Changing predicate order again seems to fix the problem so that n.date2 index is seeked first. Though this query feels unreliable to me, since I don't really understand the query planner decisions, and can't find any docs on it.
MATCH (n:Node)
WHERE (datetime($date2) < n.date2 AND datetime($date1) > n.date1)
OR (datetime($date1) <= n.date2 <= datetime($date2)
OR datetime($date1) <= n.date1 <= datetime($date2))
RETURN COUNT(*) AS count
Also the indexes must be created in order such that the n.date2 index id > n.date1 index id
I am having issues again with this query
MATCH (n:Node)
WHERE (datetime($date1) > n.date1 AND datetime($date2) < n.date2)
OR (datetime($date1) <= n.date1 <= datetime($date2)
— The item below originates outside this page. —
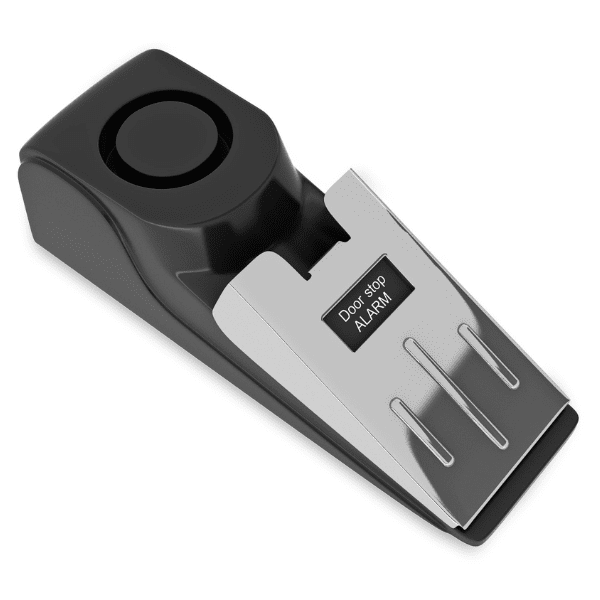 Portable Alarm Door Stopper Description: A portable alarm door stopper is a small, battery-operated device designed to enhance the security of a room or space. It typically consists of a wedge-shaped stopper that is placed under the door to prevent it from opening, and a built-in alarm that is activated if the door is forced or opened. The alarm is usually loud enough to alert people nearby and deter intruders. Portable alarm door stoppers are lightweight and easy to carry, making them ideal for travel or temporary use in shared living spaces such as hotels or dormitories. Features: – Wedge-shaped stopper: This is placed under the door to prevent it from opening. – Alarm: A built-in alarm is activated if the door is forced or opened, usually emitting a loud sound that can be heard from a distance. – Battery-operated: The device is powered by a 9V battery (not included), which makes it portable and easy to use. – Lightweight: The stopper is usually made of lightweight materials, making it easy to carry and transport. – Easy to use: The stopper is easy to install and can be used by anyone. – Versatile: The device can be used in a variety of settings, including hotels, dormitories, apartments, and other shared living spaces. What is in the box: 1 x Alarm Door Stopper

OR datetime($date1) <= n.date2 <= datetime($date2))
RETURN COUNT(*) AS count
I have a b-tree index on properties n.date1 and n.date2 (both separate and composite).
In this predicate the query planner will sometimes seek n.date1 index first, and sometimes seek n.date2 index first.
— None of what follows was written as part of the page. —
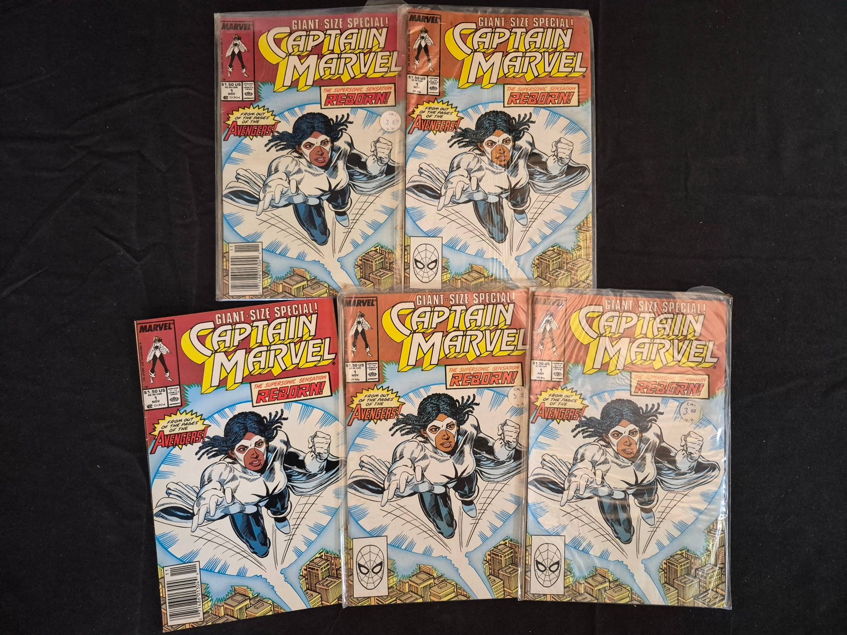 BID PER WHAT YOU SEE IN THE PHOTO, NOT THE AI GENERATED TITLES AND DESCRIPTIONS! A group of Marvel Comics Captain Marvel Vol. 2 #1 Giant-Size Special periodicals, dated 1989. These issues feature the Monica Rambeau iteration of the character and are subtitled Reborn!. The cover illustrations depict the character in a white and black costume flying above a city skyline, accompanied by the text The Supersonic Sensation Reborn! and From out of the pages of the Avengers!. The printed cover price is $1.50 US. The group contains both newsstand editions with barcodes and direct market editions featuring the Spider-Man icon in the UPC area. The items are paper-bound and most are housed in clear plastic protective sleeves.

(datetime($date1) > n.date1 AND datetime($date2) < n.date2)
seeking n.date1 index first has huge performance loss vs seeking n.date2 index first, and i can't understand how the query planner decides what to use here, and how can i force it to use n.date2 index first? I have tried query hints like below, but with it still sometimes chooses to use n.date1 index first. Does creation order of index affect how the planner decides to use them?
MATCH (n:Node)
USING INDEX n:Node(date2)
USING INDEX n:Node(date1)
WHERE (datetime($date1) > n.date1 AND datetime($date2) < n.date2)
OR (datetime($date1) <= n.date1 <= datetime($date2)
OR datetime($date1) <= n.date2 <= datetime($date2))
RETURN COUNT(*) AS count
My main questions:
How does the query planner decide which index to seek first?
How can i force it to seek n.date2 index before n.date1 index?
This thread is kind of all over the place so I want to make a post to summarize the issue I'm having.
My original problem is that I want to filter nodes with a datetime period (n.dateStart, n.dateEnd) with a datetime period filter ($date.from, $date.to).

I want to get the nodes that has a "green line" time period.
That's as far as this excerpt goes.